## Records to use
┌──

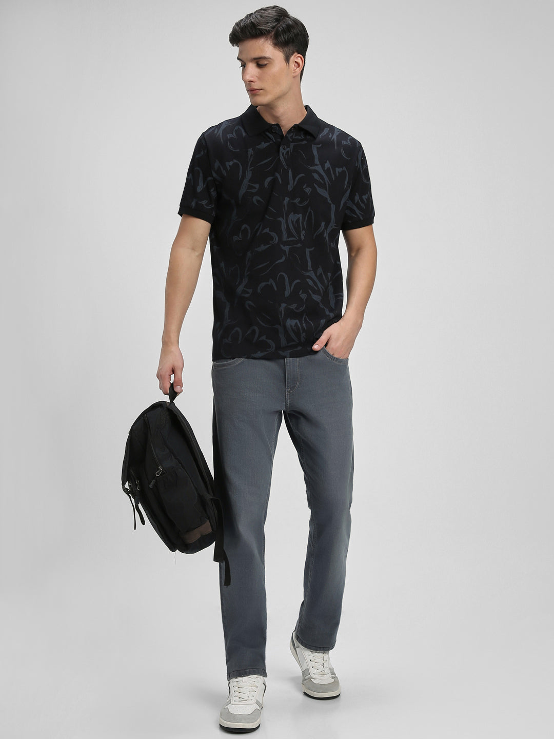 Men's Spread Collar Slim Fit Aop Black T-shirt
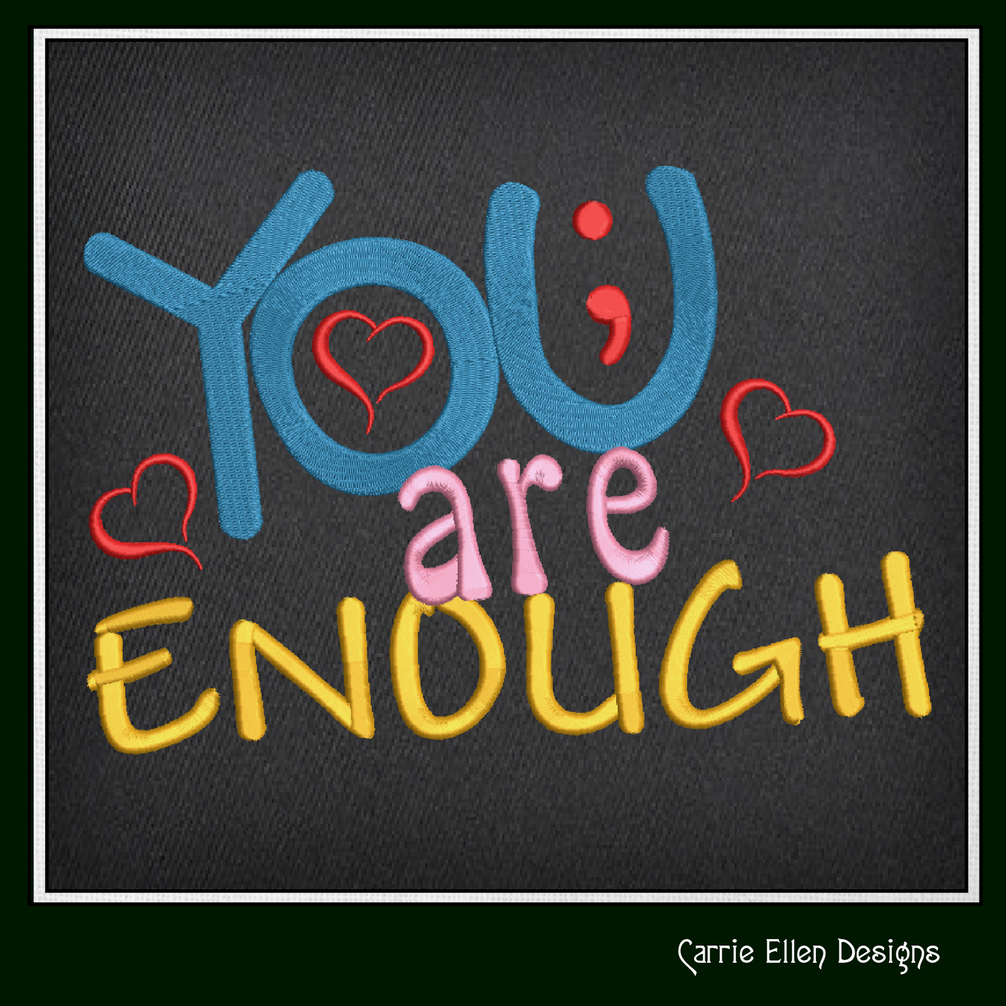 You Are Enough Machine Embroidery Design | Inspirational Quote for Positive Mindset | Woke Saying for Apparel, Gifts & Decor | 6 Sizes (1751)
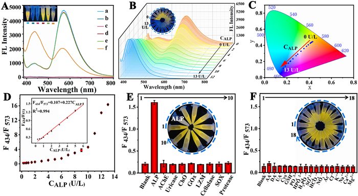 Figure 5  (A) ALP detection feasibility analyses corresponding to fluorescence spectra (a: PB+OPD+H2O2, b: ALP +OPD+H2O2, c: AAP+OPD+H2O2, d: ALP+PB+OPD+H2O2, e: AAP+PB+OPD+H2O2, f: AAP+ALP+PB+OPD+H2O2). (B) 3D fluorescence spectra of ALP at concentrations of 0–13 U/L were present. (C) CIE chromatograms with 0–13 U/L ALP. (D) Correlation between F434/F573 and ALP concentration. Inset: linear correlation between F434/F573 and ALP concentration (0.25–6 U/L). (E) Fluorescence intensity ratios in the presence of ALP and different kinds of natural enzymes and (F) different kinds of reducing substances, anions and cations.
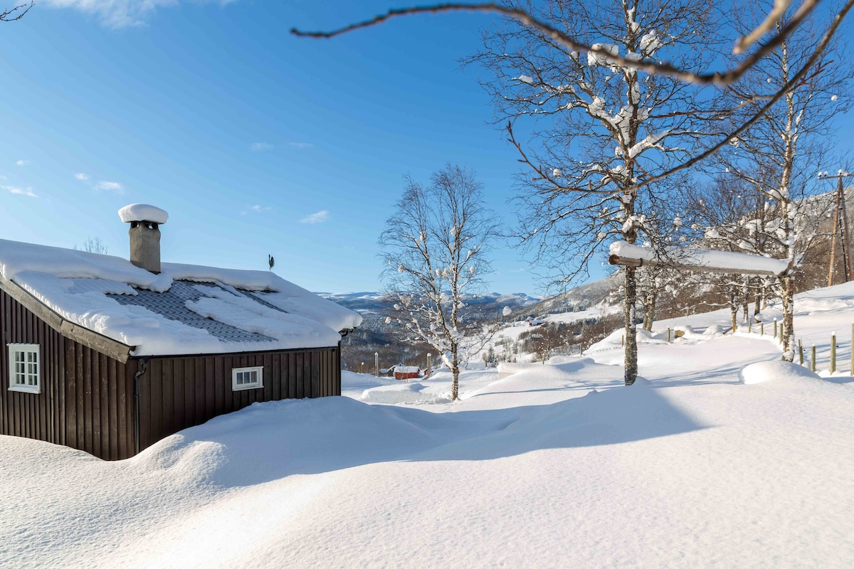 Cozy cabin built with traditional architecture from the «Hallingdal» area. Excellent sun conditions, outdoor and indoor fire place, sauna, great montain view and a hand-crafted log annex. A great place for winter and summer activities: Cross country slopes and sleding hill just outside the door, ski lifts 10 min away, cycling and hiking routes, nearby mountain farms, swim in rivers, canoo available, etc. Eating chair, changing table and sleeping bed for babies/small children available.
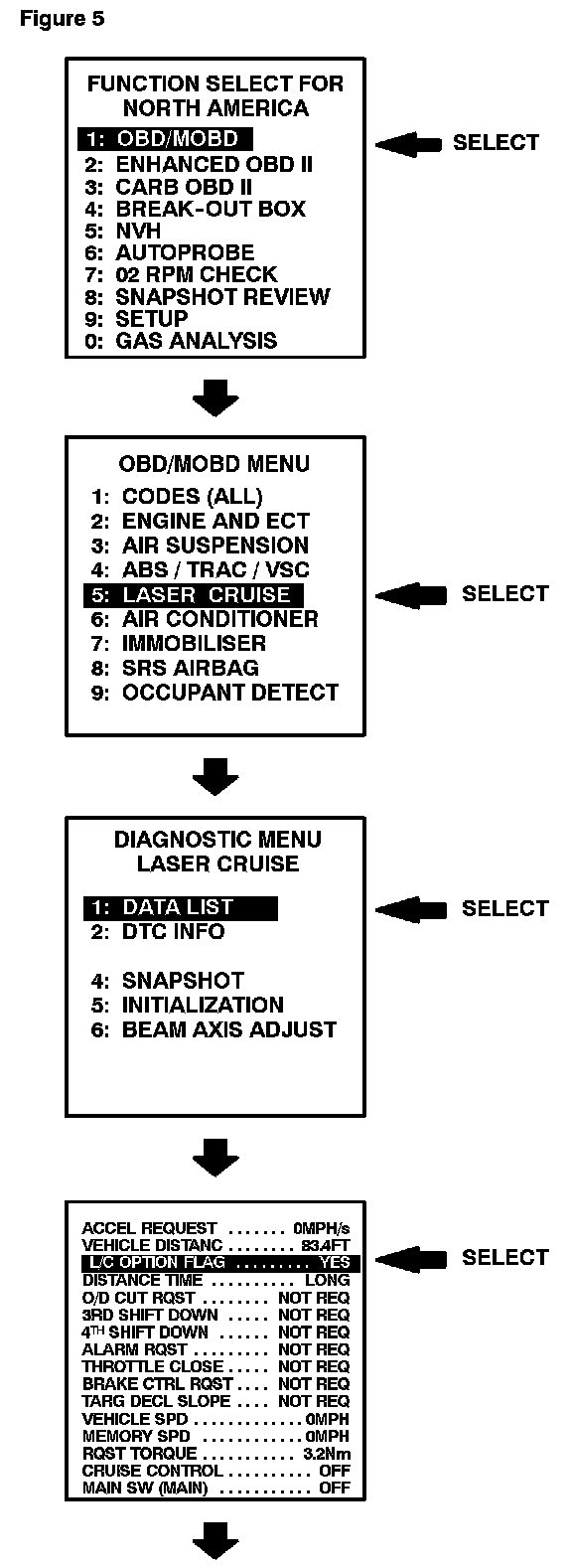 - If the L/C Option Flag is NOT set to "YES" in the Data List after performing the L/C Option Flag selection procedure and the beep is heard, perform the "INITIALIZATION" option from the "LASER CRUISE" menu on the Diagnostic Tester.

└──

## The task
Working from the records above, reproduce exactly the lines from the one with "Cozy cabin built" through the last line, without the pictures.

## The answer
 Cozy cabin built with traditional architecture from the «Hallingdal» area. Excellent sun conditions, outdoor and indoor fire place, sauna, great montain view and a hand-crafted log annex. A great place for winter and summer activities: Cross country slopes and sleding hill just outside the door, ski lifts 10 min away, cycling and hiking routes, nearby mountain farms, swim in rivers, canoo available, etc. Eating chair, changing table and sleeping bed for babies/small children available.
 - If the L/C Option Flag is NOT set to "YES" in the Data List after performing the L/C Option Flag selection procedure and the beep is heard, perform the "INITIALIZATION" option from the "LASER CRUISE" menu on the Diagnostic Tester.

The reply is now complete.